In applying the foregoing rules, we conclude that the probate court does not have equitable jurisdiction to entertain an action to reform a written instrument.[16] By filing her complaint for reformation and restitution in the Wayne County Circuit Court, plaintiff selected the correct forum. We, therefore, reverse and remand the matter to the Wayne County Circuit Court.

Reversed and remanded.

NOTES

[*] Circuit judge sitting on the Court of Appeals by assignment.

[1] MCL 700.1 et seq.; MSA 27.5001 et seq.

[2] MCL 700.21, 700.22; MSA 27.5021, 27.5022.

[3] On October 20, 1980, the probate court filed a thorough, carefully drawn opinion directing distribution of the trust corpus, which ruling is now on appeal to this Court.

[4] Const 1963, art 6, § 13. Article 6, § 15 provides that the probate court's jurisdiction, powers, and duties shall be provided by law.

[5] 64 Mich. 540, 545; 31 N.W. 438 (1887).

[6] 281 Mich. 247, 260; 274 N.W. 780 (1937). Of course, the Legislature may vest the probate court with equitable powers.
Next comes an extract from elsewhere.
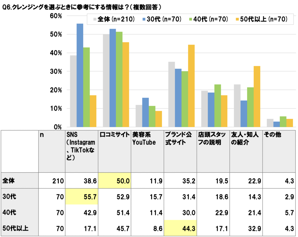 クレンジングを選ぶ際、最も参考にされているのは口コミサイト(全体50.0%)で、実際に毛穴汚れやいちご鼻に悩む人の体験談は信頼度が高いポイントです。特に30代・40代では半数以上が口コミを重視しており、リアルなレビューが購入判断のカギとなっています。また、30代ではSNS(55.7%)を活用する人が多く、動画や投稿で「毛穴汚れへの効果」を確認しています。

In re Thayer's Estate, 210 Mich. 696; 177 N.W. 978 (1920); Scholten v Scholten, 238 Mich. 679; 214 N.W. 320 (1927).

[7] Jensen v Shevitz, 234 Mich. 212, 215; 207 N.W. 823 (1926); 19 Michigan Law & Practice, Reformation of Instruments, § 21, p 446.

[8] MCL 700.21; MSA 27.5021.

[9] MCL 700.22; MSA 27.5022.

[10] 27 Am Jur 2d, Equity, § 1, p 516.

[11] 1 Story's Equity Jurisprudence (14th ed), § 16, p 17.

[12] 5 Michigan Law & Practice, Chancery, § 2, p 71.

[13] RS 1846, title 21, ch 90, § 2, as amended by 1847 PA 23; MCL 600.601(2); MSA 27A.601(2).

[14] 317 Mich. 538, 545; 27 NW2d 88 (1947).

[15] 386 Mich. 119, 133; 191 NW2d 355 (1971). See, also, 2A Sutherland, Statutory Construction, § 47.23, p 123.

[16] We are not unmindful that there are some portents that indicate a future merger of probate jurisdiction into the constitutional jurisdiction of the circuit courts. We submit that accomplishing such a result by "bits and pieces", e.g., by moving some chancery cases to probate court, would be doing it in the wrong way and for the wrong reasons.